During a Fritt Ord-supported event in Trondheim, the Palestinian professor at NTNU, Bassam Hussein, described the 7 October terror in Israel as the “most beautiful thing that has happened in our century”.
The statement was made during an event organised by Sosialistisk Forum on 21 April, at the book café “Sellanraa” in connection with Litteraturhuset in Trondheim.
A video recording was recently published on Steigan.no:
The two invited to give lectures from a respectively “Norwegian and Palestinian perspective” were editor and former politician Pål Steigan, and professor of project management at the Department of Mechanical and Industrial Engineering at NTNU and board member of Palestinakomiteen i Trøndelag, Bassam Hussein.
The topic was “The situation in the Middle East and its consequences for Europe”.

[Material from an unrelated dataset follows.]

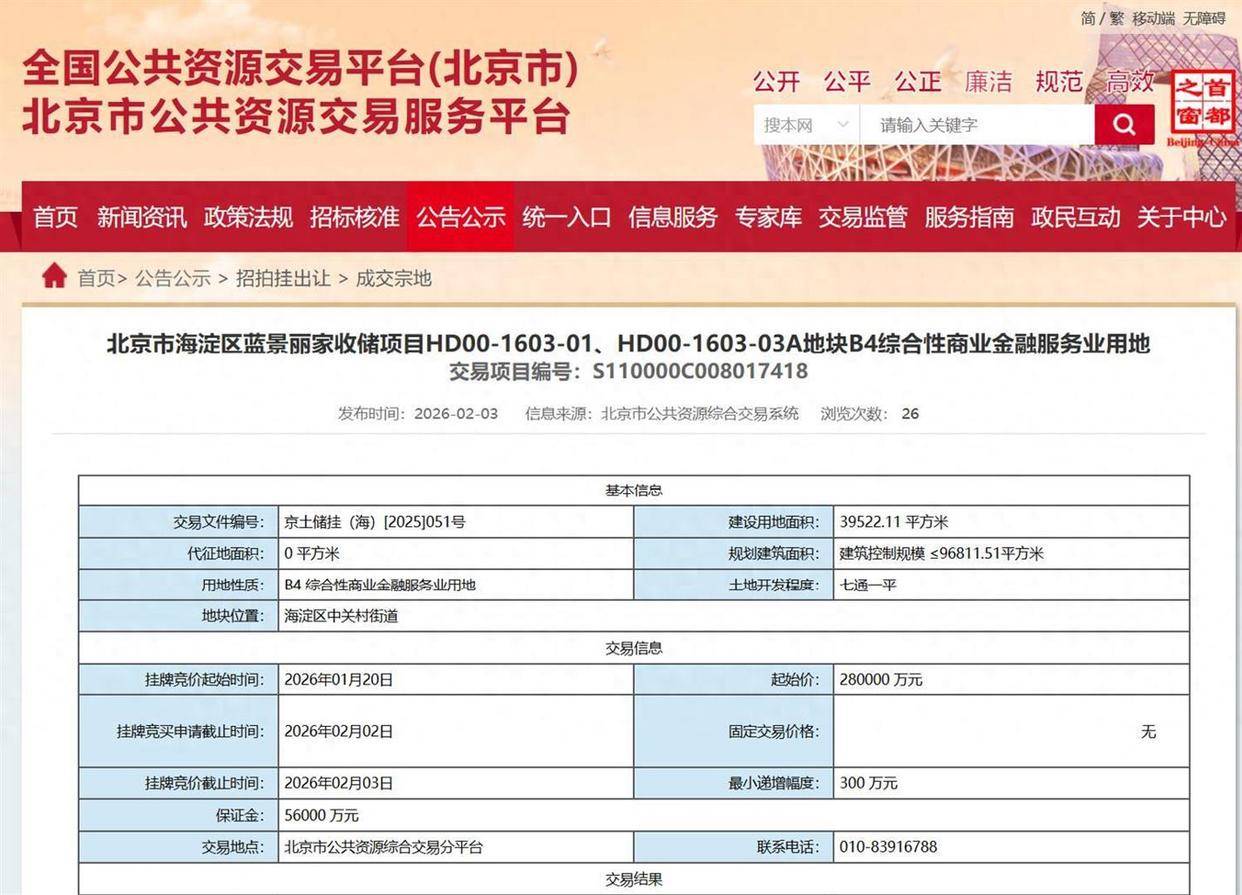 抖音集团旗下的北京云月长石科技有限公司在2026年北京首场土拍中,以28亿元底价拿下海淀区蓝景丽家收储项目地块,土地面积3.95万平方米,建筑控制规模不超过9.68万平方米。

While Steigan began by stating that it is a major problem in the West, not only in Norway, that people have an almost “programmatic ignorance” and a total lack of respect for other cultures, the professor from NTNU chose a different approach.
After working his way through the history of the Middle East and Iran, he arrives at 2023.
– And then we come to 7 October. [The] most beautiful thing that has happened in our century.
Hussein, who is originally from Gaza, believes that 7 October showed that “Israeli superiority” is merely a myth and that Hamas’ terror massacres were “a needle in the backside” of the Israeli “dragon”.
– 7 October has shown that no matter how strong you are, you have vulnerabilities. And an intelligent, smart, Palestinian military leader, with 400 individuals, can in fact hurt you greatly.
Praised deceased terrorist leader
Document asked Hussein how he justifies calling massacres of innocent civilians beautiful.
– My very brief answer is: 7 October is the most important turning point in our history in Palestine and in the Levant, for a great many reasons which I would be happy to elaborate on at another occasion. I do not regard 7 October as either a victory or a triumph, taking into account the number of killed, innocent people – not only on 7 October, but also after 7 October, Hussein replies by e-mail.
It is not the first time the professor has praised terrorists. On 31 January this year, he was organiser and centrally present with a megaphone during a tribute to the architect of the 7 October terror, the former Hamas leader Yahya Sinwar, who was killed in an Israeli attack.
Hussein was also central in denying Document’s journalist Bente Haarstad coverage of a demonstration in support of Iran in March this year, and in threatening to sue her and others who were present.
The professor’s activism in favour of Hamas is also reflected on NTNU’s website, where Hussein’s staff photograph bears the inscription “Never again is right now”. In this case, it is a reference to the BDS movement’s motto regarding Israel’s military response to the Hamas terror.
Elsewhere in the lecture, Hussein states that the manner in which the Iranians have responded to American and Israeli attacks is “fantastic and must be included in school textbooks”.
There were also “many good messages in these rockets that rained down on American bases” in the Middle East, in the sense that they showed the United States’ allies in the region that “the Americans are not even capable of protecting their own bases” – and that only idiots could come to believe that they are also capable of protecting the allied Gulf states.
Believes Israel has great-power ambitions
He also stated that he fears that Israel has ambitions to shift its role from being “a functionary of the United States” to becoming the one that “runs the show” and takes over the Western empire to become “a global power”.
– Remember that the state of Israel is essentially a continuation of European colonialism. It is the same mentality, the same peoples. White Europeans came to a country and took it over. That is the United States, Australia, Canada and Israel.
The 62-year-old also reveals that he was beaten in schools in Gaza and in Egypt, where he attended during his upbringing, if he did not memorise mathematical formulas.
– If Iran wins this battle, we can begin to count on our fingers when Israel disappears, Hussein said in conclusion.
Hug and chocolate
Sosialistisk Forum has as one of its principal purposes to work “for peace, against war and oppression”. Compère Eli Wæhre from the organisation stated that Norway’s political leaders are too preoccupied with rearmament and war, and forget the victims.
– There are many of us here who are very much together now in order to stand united about (sic) the brutal acts of war that have taken place, she concluded.
However, despite the contradiction between her message of peace and Hussein’s praise of terror, she presented Hussein with a monetary gift for a water project in Gaza, for which Hussein, according to his own statement, has so far raised 1.49 million kroner.
Sosialistisk Forum has contributed at least 100,000 of these, according to Hussein.
There was also chocolate and a hug from Wæhre.
Litteraturhuset in Trondheim is primarily funded by taxpayers’ money, from the Ministry of Culture, Trondheim municipality and Trøndelag county municipality, and receives programme support from the Arts Council (Kulturrådet) and the Fritt Ord Foundation (Stiftelsen Fritt Ord).